Study Finds Hepatitis C Treatment Gap for Those With Alcohol Use Disorder

December 14, 2022 by TWN Staff
Study Finds Hepatitis C Treatment Gap for Those With Alcohol Use Disorder
(Photo by Dan McCue)

Individuals with alcohol use disorder are less likely to receive antivirals for hepatitis C, despite current guidelines recommending antiviral treatment regardless of alcohol use, according to a new study supported by the National Institutes of Health.

Direct-acting antiviral treatment is highly effective at reducing serious illness and death among individuals with hepatitis C virus infection, a condition that commonly occurs among people with alcohol use disorder. 

Led by scientists at Yale University, New Haven, Connecticut, the research was conducted by a team of international scientists and published in JAMA Network Open.

“There are treatment gaps for individuals with co-occurring hepatitis C virus and alcohol use disorder — and these gaps need to be addressed,” said corresponding author Dr. Lamia Y. Haque, assistant professor and director of the Yale Clinic for Alcohol and Addiction Treatment in Hepatology, Digestive Diseases at the Yale School of Medicine.

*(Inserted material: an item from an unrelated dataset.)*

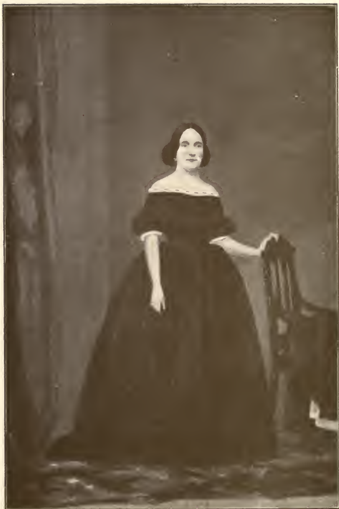
MRS. JAMES CHESNUT, JR.

“For patients with hepatitis C virus and alcohol use disorder, this refers to a gap not only in  alcohol use disorder treatment, but also in lifesaving hepatitis C virus treatment. Both are crucial for liver health,” she said.

Haque and her colleagues used data from the Veterans Birth Cohort, an observational study containing electronic health records of all patients receiving care through the Veterans Health Administration born between 1945 and 1965.

This cohort was chosen for the study since people in this age range are more likely to have been diagnosed with hepatitis C than other age group.

From this sample, data from 133,753 individuals (97% male) were identified and analyzed based on their history of hepatitis C, documented Alcohol Use Disorder Identification Test-Consumption questionnaire responses, and having visited any VHA location from January 2014 through May 2017.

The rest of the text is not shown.